|Year : 2021 | Volume
| Issue : 3 | Page : 149-154
Antimicrobial Efficacy of Sonic v/s Ultrasonic Activation on Disinfection of Root Canal System: An In Vitro Study
Shruthi H Attavar1, Mithra N Hegde1, Veena Shetty2
1 Department of Conservative and Endodontics, A B Shetty Memorial Institute of Dental Sciences, NITTE (Deemed to be University), Deralakatte, Mangalore, India
2 Department of Microbiology, K S Hegde Medical College NITTE (Deemed to be University), Deralakatte, Mangalore, India
|Date of Submission||25-Nov-2020|
|Date of Decision||16-Mar-2021|
|Date of Acceptance||29-Mar-2021|
|Date of Web Publication||2-Nov-2021|
Shruthi H Attavar
Department of Conservative and Endodontics, A B Shetty Memorial Institute of Dental Sciences, NITTE (Deemed to be University), Deralakatte, Mangalore - 575018
Source of Support: None, Conflict of Interest: None
Introduction: The key for long-term success in root canal therapy is the effective debridement with chemical irrigants before obturation. The purpose of this study was to compare the antimicrobial effect of sodium hypochlorite and chlorhexidine along with activation using sonic and an ultrasonic device in teeth when used in teeth infected with Enterococcus faecalis. Material and Method: A total of 90 single rooted mandibular premolar were infected with E. faecalis and placed in the incubator for 24 hours .The specimens were divided into six groups as follows: Group I: positive control; Group II: negative control; Group III: sodium hypochlorite + passive ultrasonic activation for 20, 40, and 60 seconds; Group IV: chlorhexidine + passive ultrasonic activation; Group V: sodium hypochlorite + endoactivator; and Group VI: chlorhexidine + endoactivator activation. After disinfection, dentinal shavings were collected using H file and subcultured in brain heart infusion agar (BHI) broth further streaked in brain heart agar plates to check the colony counting. Result: Bonferroni post hoc test was done to compare the significant difference between different experimental groups. Group III showed a significant difference in the antimicrobial activity compared to Group IV, V, and VI with P < 0.05. One-way analysis of variance (ANOVA) analysis was done to analyze the intergroup comparison of the bacterial count at various time intervals (20, 40, and 60 seconds). It was observed that there was a statistically significant difference with P < 0.01 between the time interval of different experimental groups. Conclusion: Within the limitation of this study, sodium hypochlorite along with passive ultrasonic irrigation showed a reduction in E. faecalis count compared to the other irrigating protocols used in the study and the results were statistically significant.

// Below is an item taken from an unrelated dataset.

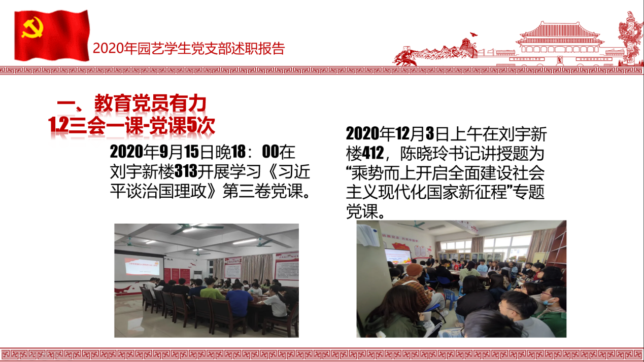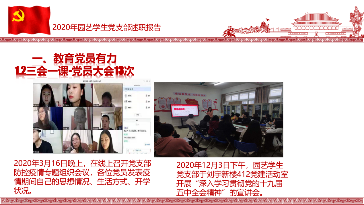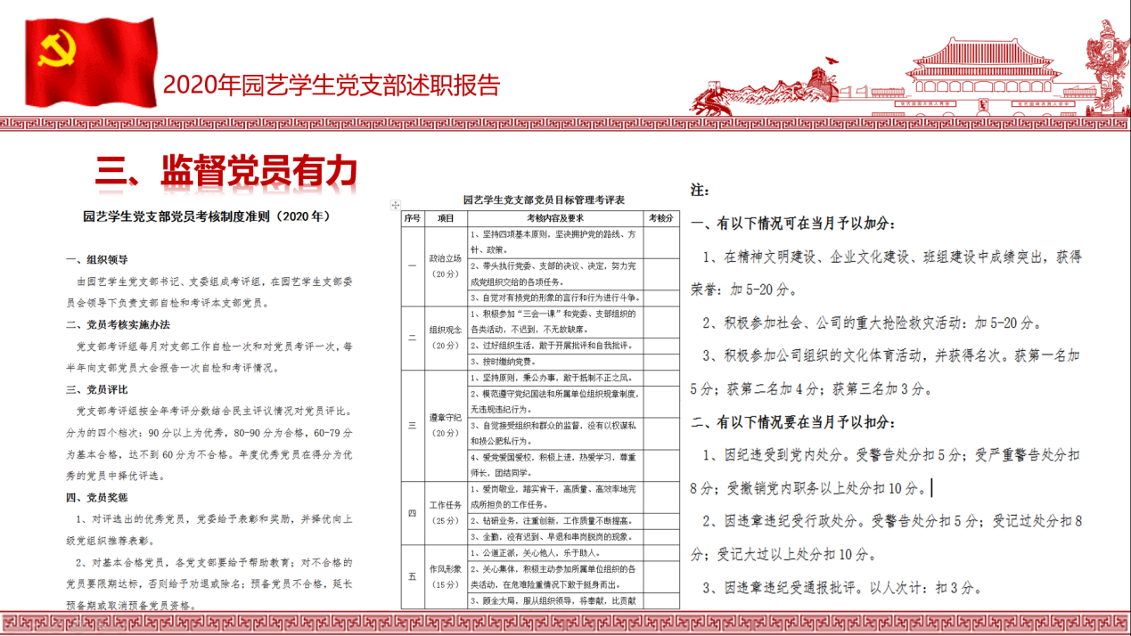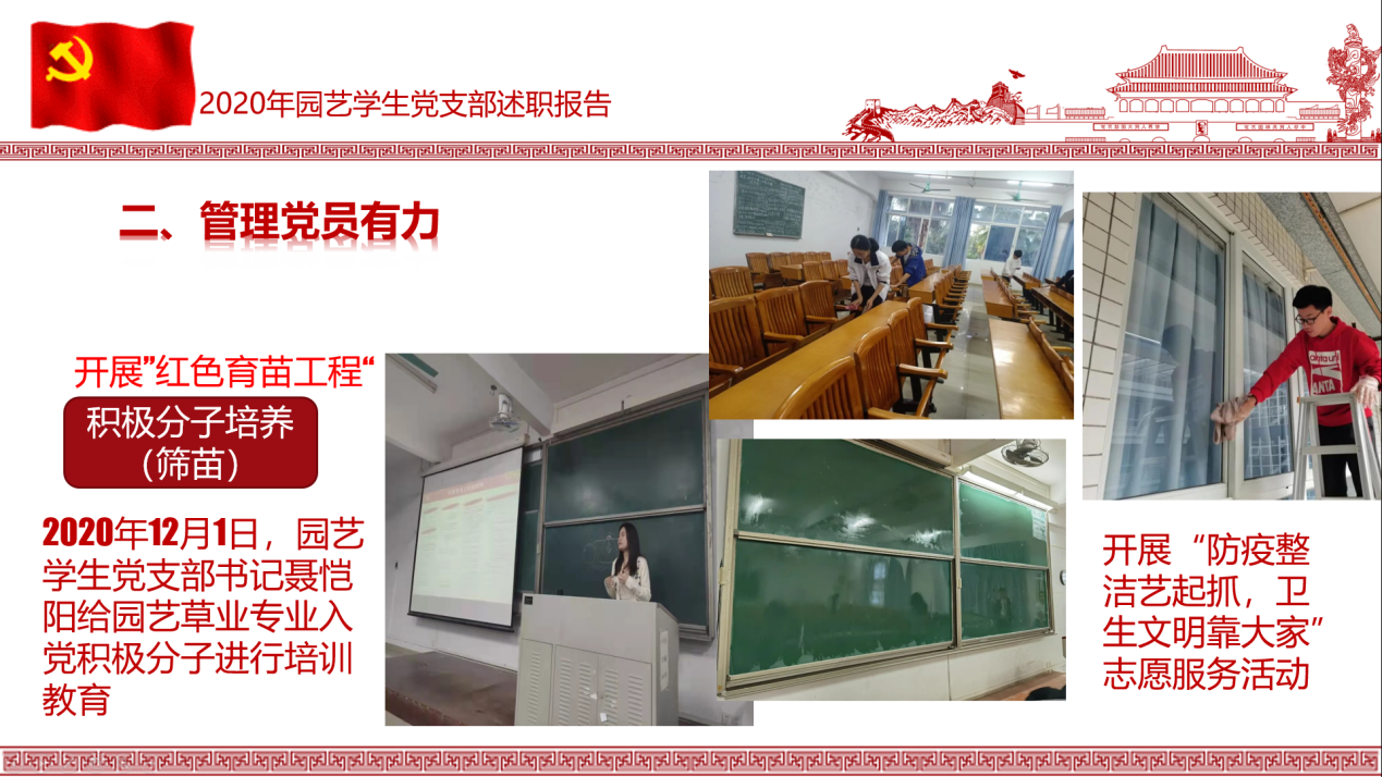 为提高学生党员的党性修养,加强自身学习意识,巩固支部建设工作,1月13日晚19:30,园艺学生党支部开展红色育苗工程之党员监督考核。

Keywords: Chlorhexidine, endo activator, passive ultrasonic activation, E. faecalis, sodium hypochlorite
|How to cite this article:|
Attavar SH, Hegde MN, Shetty V. Antimicrobial Efficacy of Sonic v/s Ultrasonic Activation on Disinfection of Root Canal System: An In Vitro Study. Dent Hypotheses 2021;12:149-54
|How to cite this URL:|
Attavar SH, Hegde MN, Shetty V. Antimicrobial Efficacy of Sonic v/s Ultrasonic Activation on Disinfection of Root Canal System: An In Vitro Study. Dent Hypotheses [serial online] 2021 [cited 2021 Nov 29];12:149-54. Available from: http://www.dentalhypotheses.com/text.asp?2021/12/3/149/329759
| Introduction|| |
The removal of microorganisms, toxins, and their irritants from the infected root canal system determines the success of endodontic treatment so as to best obtain a host-manageable bioburden. The disinfection of root canal system by chemomechanical preparation plays an critical role in reducing the bacterial load. The mechanical instrumentation of the root canal along with the synergetic effect of antimicrobial property of irrigants enhances the elimination of microorganisms. The mechanical preparation of the root canal system is an essential phase since it aims to facilitate the easy flow of irrigants within the canal space.

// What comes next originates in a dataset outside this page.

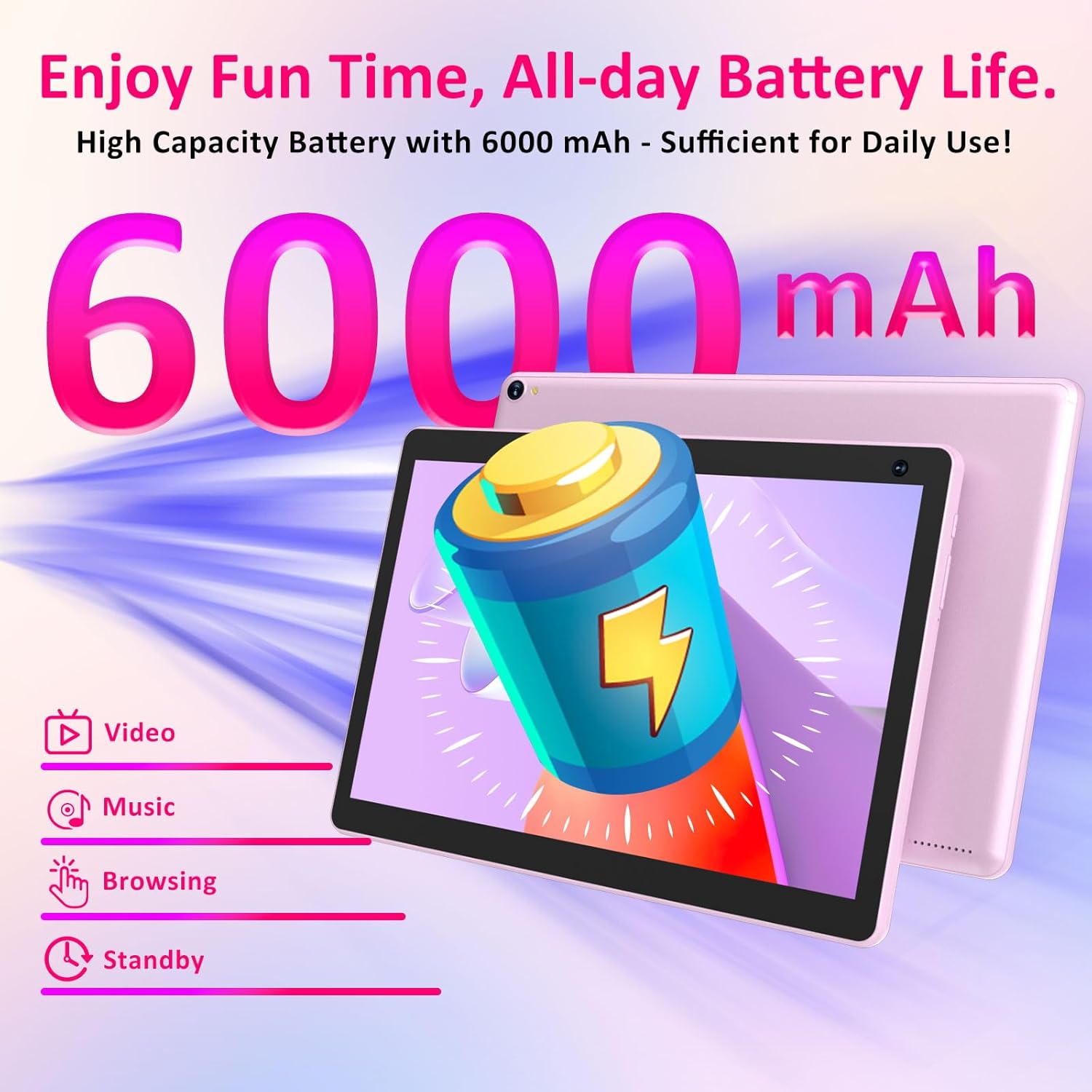 【2+8MP HD Cameras & 6000mAh Big Capacity】 Our tablet adopts high-definition dual cameras, with a front 2MP and a rear 8MP. Photography, video recording, and video conferencing provide you with a smoother and clearer experience. In addition, the tablet is also equipped with a super large 6000mAh battery. Can ensure use for over 6-8 hours. Home entertainment and travel are both good choices, and you can take it anywhere.
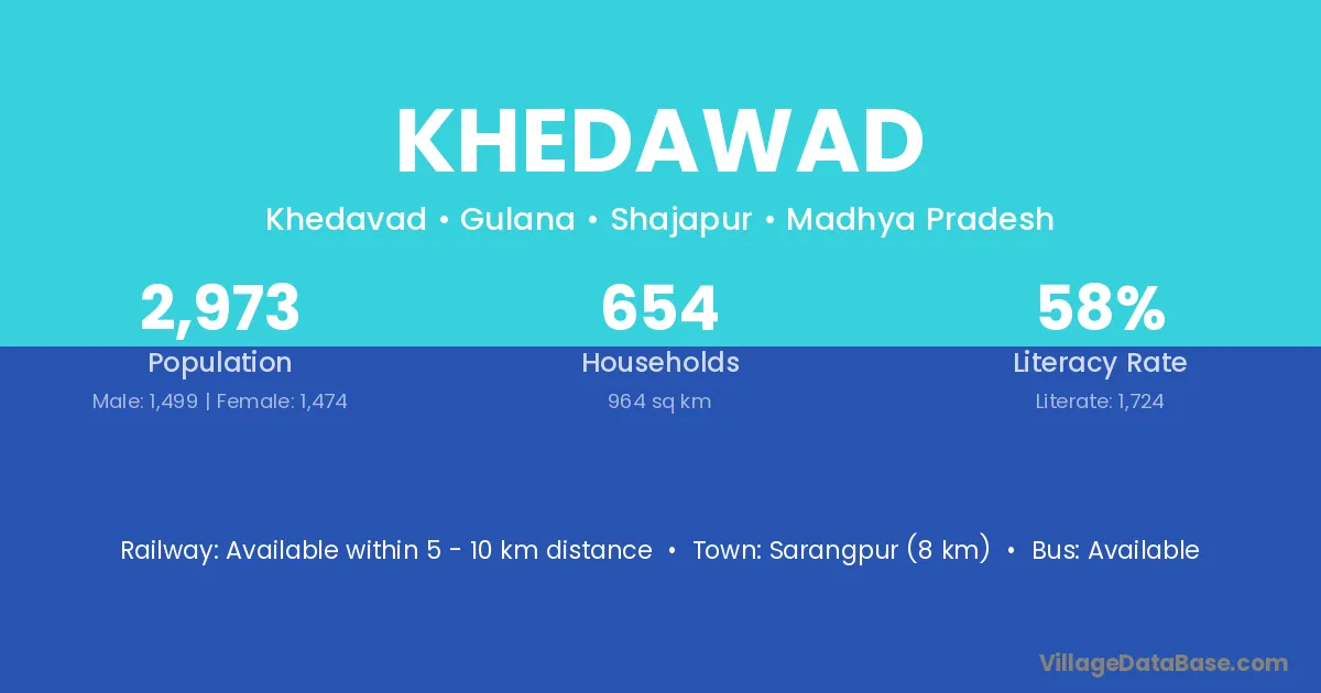 Sarangpur (8 km) is the nearest town to Khedawad village for major economic activities and is located approximately 8 km away.

E faecalis is gram-negative facultative anaerobic cocci found in 4% to 40% of primary endodontic infection and nine times more likely in failed root canal cases. The prevalence of E faecalis in root filled teeth with periradicular lesions is from 24% to 77%.
Sodium hypochlorite is a potent antimicrobial agent introduced by Walker in the year 1936. It is used in the concentration between 05% and 6%. The most important property of sodium hypochlorite is that it dissolves the organic pulp tissue and collagen. Chlorhexidine gluconate a bisguanide derivative shows its antimicrobial property by destroying the microbial cell wall and attacks the bacterial cytoplasm causing coagulation of intracellular components. The application of a final irrigating solution that remains active not only at the time of application but also over a fairly long period of time thereafter stands as one strategy for preventing bacterial recolonization or eliminating the bacteria that persist after the root canal treatment.
Traditionally, irrigants were delivered into the root canal using syringe and metal needles of various sizes and tip design. Clinically, this method was ineffective because irrigants could not penetrate into peripheral areas such as fins, isthmus, and deltas. In an attempt to improve the penetration and efficacy of irrigants, various mechanical devices have been developed to enhance the cleaning efficacy of the root canal system.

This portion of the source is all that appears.